ASSIGNMENT: Every picture should be left out, but the lines below must be repeated exactly.
= = = = =
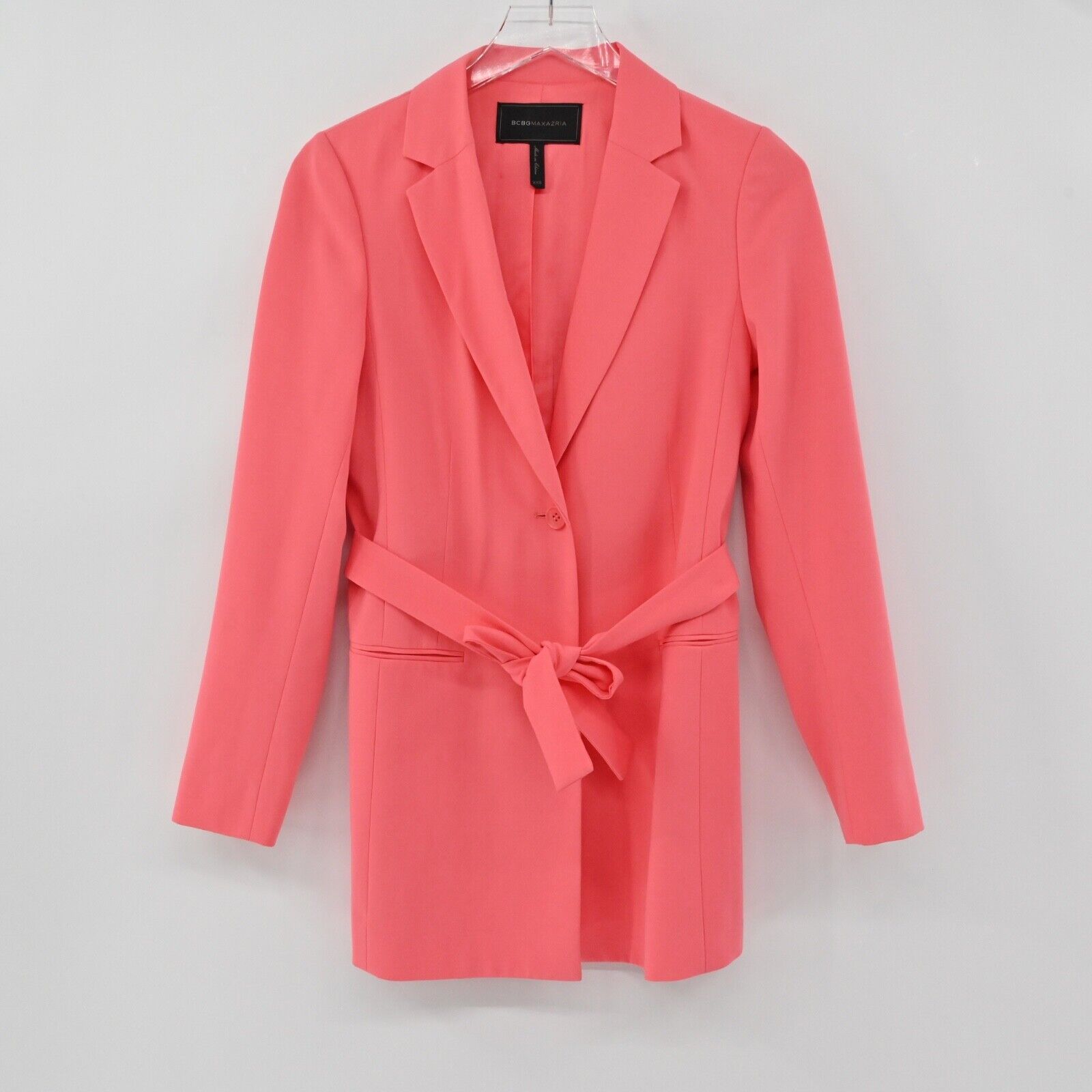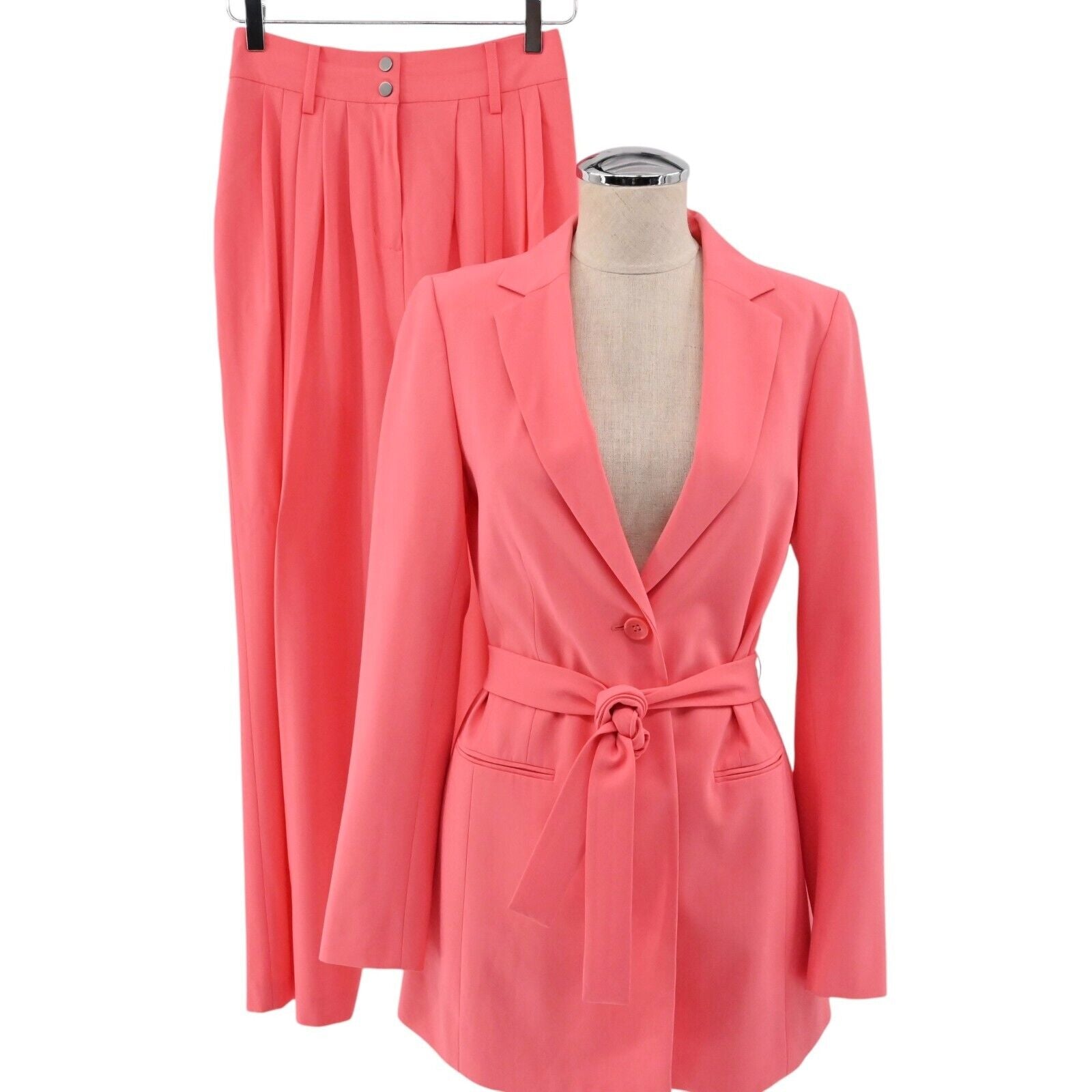 BCBGMAXAZRIA Pant Suit Womens Sz 2XS Coral Belted Jacket High Rise Pleated Retro
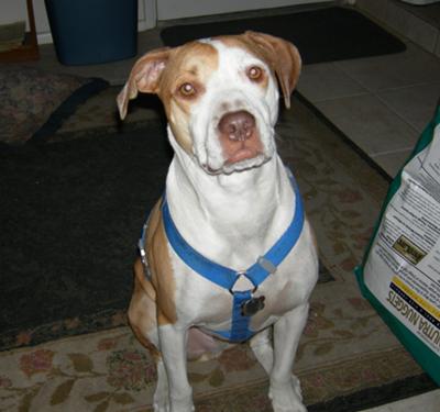 Any time this big boy sees another dog (and sometimes a person as well), he reacts very strongly. I have used a choke collar, and he is getting very good at walking with it. However, when he sees another dog, it is all I can do to control him.
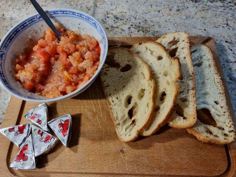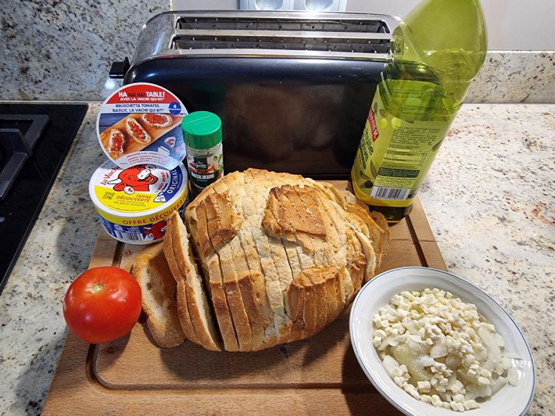 Aujourd'hui, je me suis laissée séduire par la recette d'une bruschetta vue sur un paquet de "Vache qui rit" !
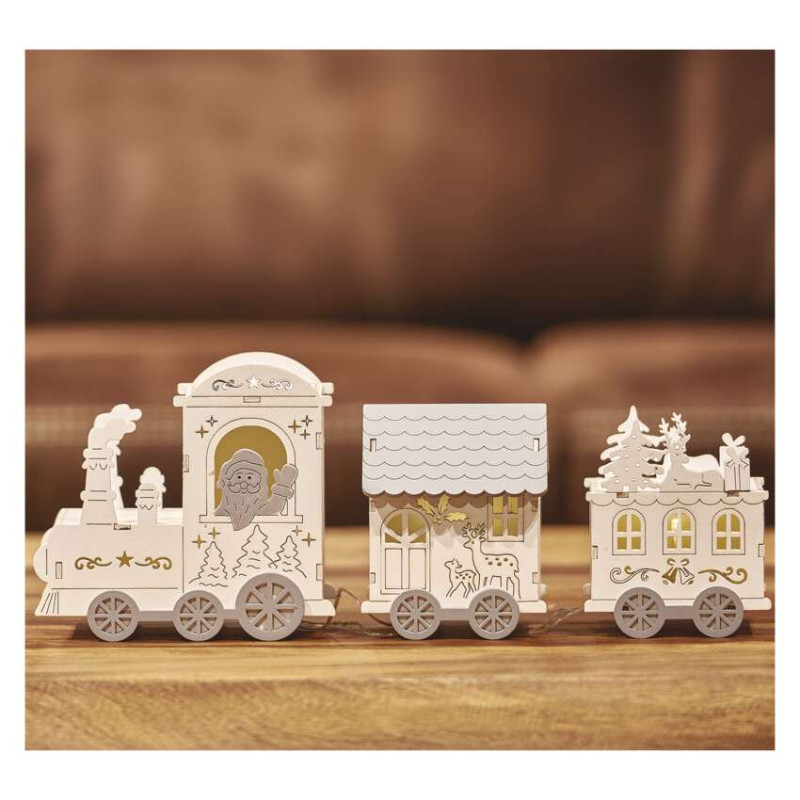 dekorácia "vlak" je vybavená príjemným teplým bielym osvetlením. Vďaka
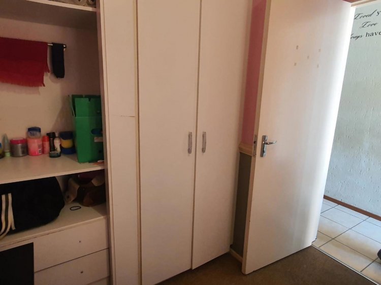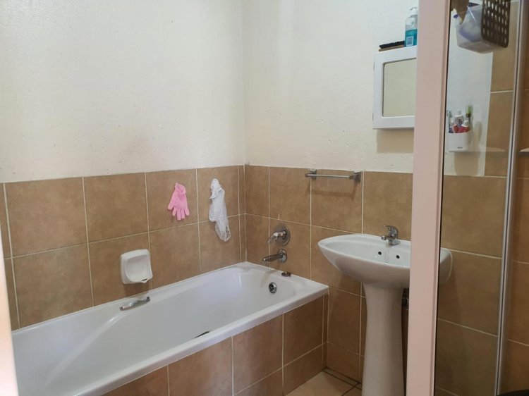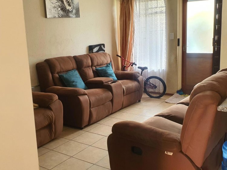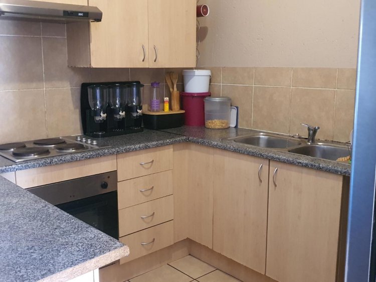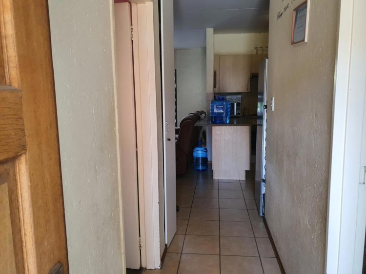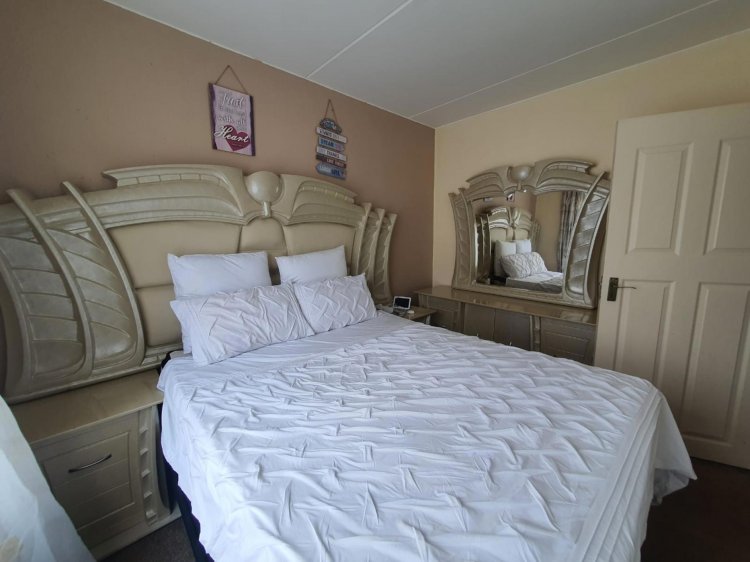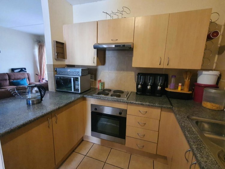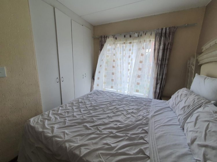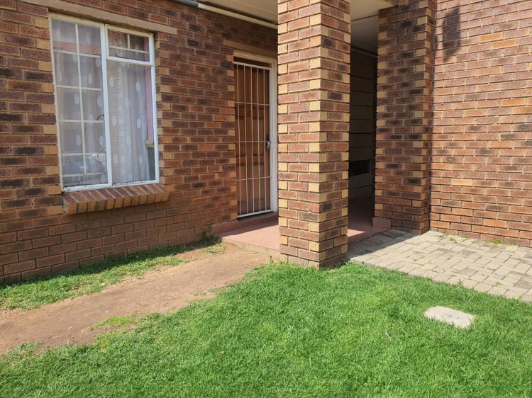 Welcome to this lovely corner unit, offering comfort, convenience, and peace of mind in a well-maintained, secure complex. Step out onto the tiled patio, the ideal spot to enjoy your morning coffee or unwind after a long day. Inside, you'll find two carpeted bedrooms with built-in cupboards and a neat tiled bathroom featuring a shower, bath, basin, and toilet. The tiled open-plan lounge and kitchen create a warm, functional living space, with ample cupboard storage and room for an under-counter appliance. Additional features include security gates on both doors, pre-paid water and electricity, and 24-hour security with smart-access control. Enjoy peace of mind in a fully walled complex with electric fencing, complete with a braai area and children's playground for relaxed family living. Conveniently located close to schools, shopping malls, and with easy access to the N12 and N17 highways, this home perfectly combines secure living with everyday convenience.
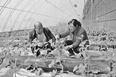 在趙縣齊家村設(shè)施蔬菜大棚里,農(nóng)業(yè)技術(shù)干部郝國(guó)法正在現(xiàn)場(chǎng)講解瓜菜種植技術(shù)。
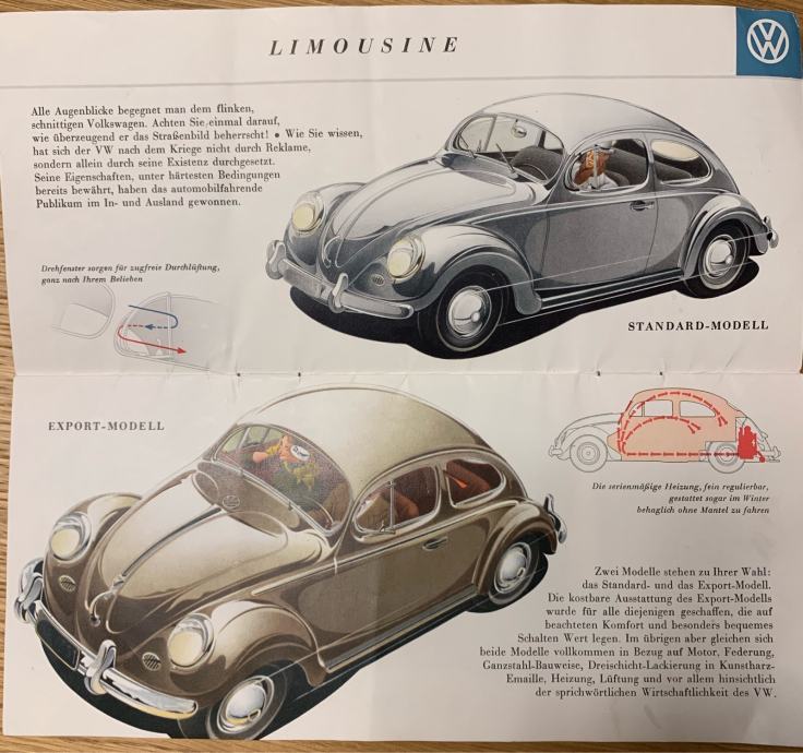 Brošura Volkswagen 1200 iz 1955. g. na njemačkom jeziku, 6 stranica.
= = = = =
YOUR SOLUTION:
 BCBGMAXAZRIA Pant Suit Womens Sz 2XS Coral Belted Jacket High Rise Pleated Retro
 Any time this big boy sees another dog (and sometimes a person as well), he reacts very strongly. I have used a choke collar, and he is getting very good at walking with it. However, when he sees another dog, it is all I can do to control him.
 Aujourd'hui, je me suis laissée séduire par la recette d'une bruschetta vue sur un paquet de "Vache qui rit" !
 dekorácia "vlak" je vybavená príjemným teplým bielym osvetlením. Vďaka
 Welcome to this lovely corner unit, offering comfort, convenience, and peace of mind in a well-maintained, secure complex. Step out onto the tiled patio, the ideal spot to enjoy your morning coffee or unwind after a long day. Inside, you'll find two carpeted bedrooms with built-in cupboards and a neat tiled bathroom featuring a shower, bath, basin, and toilet. The tiled open-plan lounge and kitchen create a warm, functional living space, with ample cupboard storage and room for an under-counter appliance. Additional features include security gates on both doors, pre-paid water and electricity, and 24-hour security with smart-access control. Enjoy peace of mind in a fully walled complex with electric fencing, complete with a braai area and children's playground for relaxed family living. Conveniently located close to schools, shopping malls, and with easy access to the N12 and N17 highways, this home perfectly combines secure living with everyday convenience.
 在趙縣齊家村設(shè)施蔬菜大棚里,農(nóng)業(yè)技術(shù)干部郝國(guó)法正在現(xiàn)場(chǎng)講解瓜菜種植技術(shù)。
 Brošura Volkswagen 1200 iz 1955. g. na njemačkom jeziku, 6 stranica.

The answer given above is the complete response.